Apple and Rhubarb sour Cider

Apple and Rhubarb sour Cider in glasses

As you have read already, Chas is making cider. My views on this are pretty clear. Cider is not beer and therefore not as good. I’m prepared to change that view if there are ciders that can show their complexity and range.

This might just be the first cider to do that.

First, it’s not sickly sweet, or driven by sweetness, like a lot of commercial ciders.
Second, it’s for more than just one flavour. The majority of commercial ciders are apple flavour. There’s more range now but still it’s one flavour: pear, raspberry, strawberry, and any other berry you can think of.

Third, commercial cider has to be served very cold for it to be drinkable, but this one… no wait, it still needs that.

There is a lot of sourness here. And I do mean a lot. There’s just enough sweetness to prevent this becoming undrinkable. Keeping this cold helps a huge amount.

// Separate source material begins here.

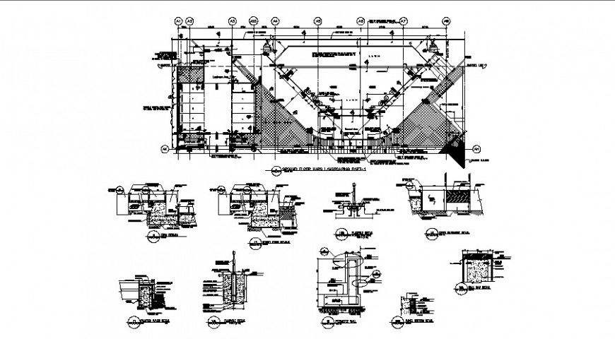 This is autocade plan it shows bridge plan that shows concrete masonry details with reinforcement details in tension and compression zone. The structure is a reinforced concrete cement (RCC) structure.

A quick note on the gravity. Original was 1.058, final was 0.994. That gives it an alcohol content of 8.9%. As a result there is a big body here that helps hold it all together and drives the big flavour.

My criticism is that:

  1. It’s not a beer.
  2. The sourness becomes a bit too much by the end of a glass.
  3. The alcohol level stops it from being a session drink.
  4. The flavours could be slightly better balanced.

Overall I’m pretty happy to drink this non-beer.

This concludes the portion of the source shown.